1. Effective number of atoms present in a diamond cubic cell is $$8$$.
2. Each carbon is surrounded by four more carbon atoms.
3. Atomic radius of carbon is $$\displaystyle \frac{\sqrt{3}\times a}{8}$$, where a is edge length of cube.
4. Approximate packing fraction of unit cell is $$\displaystyle \frac{\sqrt{3}\times \pi }{16}$$.

A
1, 2 and 4

B
2, 3 and 4

C
2 and 3

D
All 1, 2, 3 and 4

Solution

All the four statements about cubic structure of diamond are correct.

1. Effective number of atoms present in a diamond cubic cell is $$8$$.

2. Each carbon is surrounded by four more carbon atoms.
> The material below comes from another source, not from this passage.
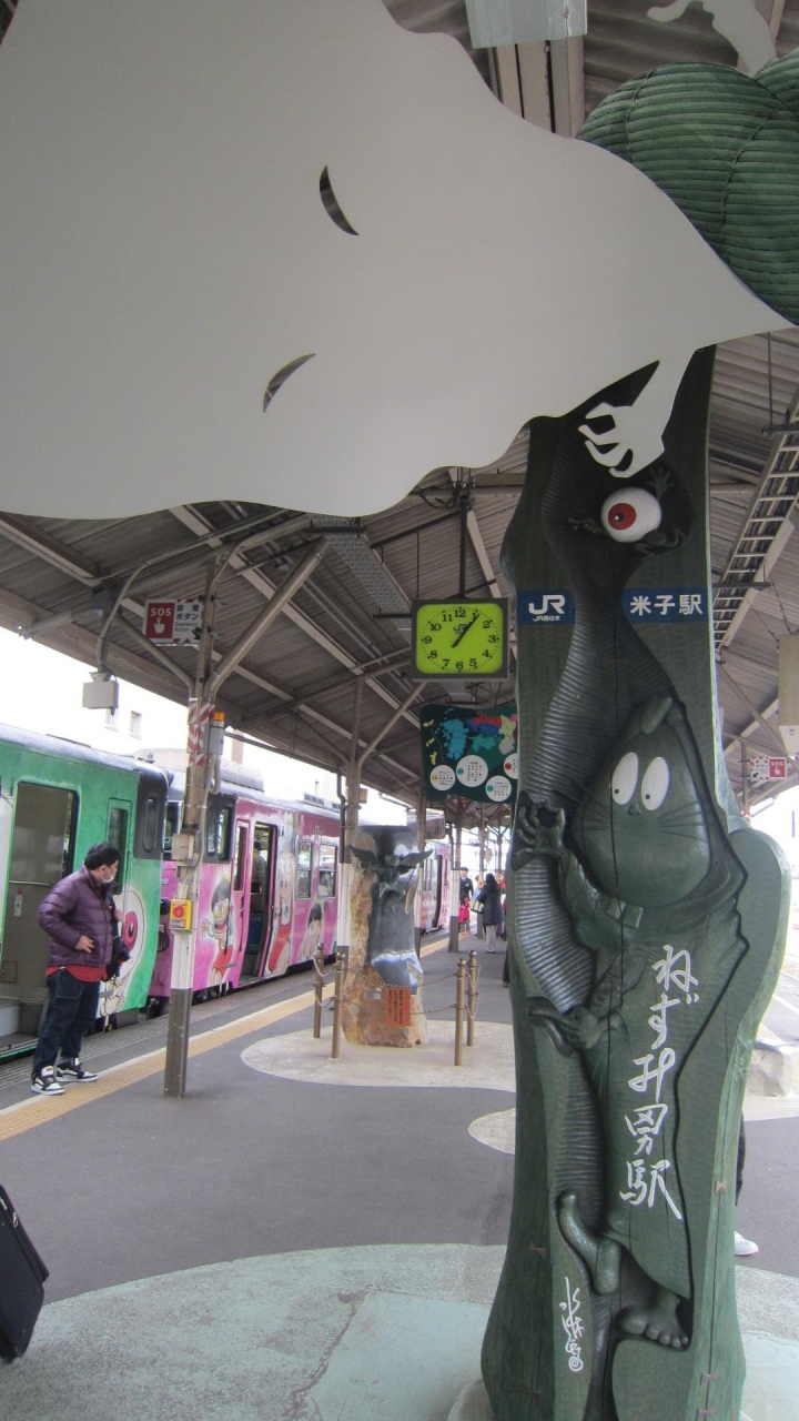 米子駅は鬼太郎列車の始発駅でもあり、ホームにはゲゲゲシリーズの仲間達がいっぱいです。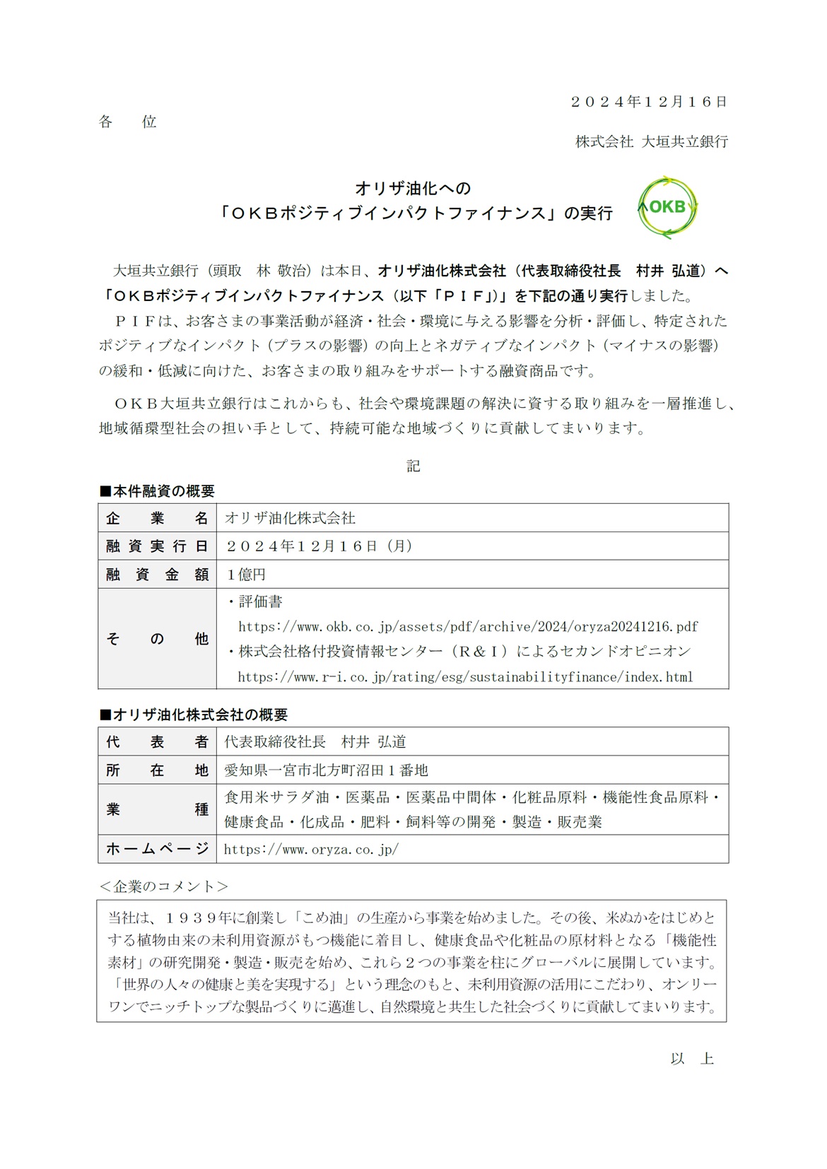 オリザ油化への「OKBポジティブインパクトファイナンス」の実行

Thus each C atom is present at the centre of tetrahedron and four other C atoms are present at the corners of tetrahedron.

3. Atomic radius of carbon is $$\displaystyle \frac{\sqrt{3}\times a}{8}$$, where a is edge length of cube.

4. Approximate packing fraction of unit cell is $$\displaystyle \frac{\sqrt{3}\times \pi }{16}$$ which approximates to 34%. In other words, in the unit cell of diamond, 34% of volume is occupied and 66% of volume is empty.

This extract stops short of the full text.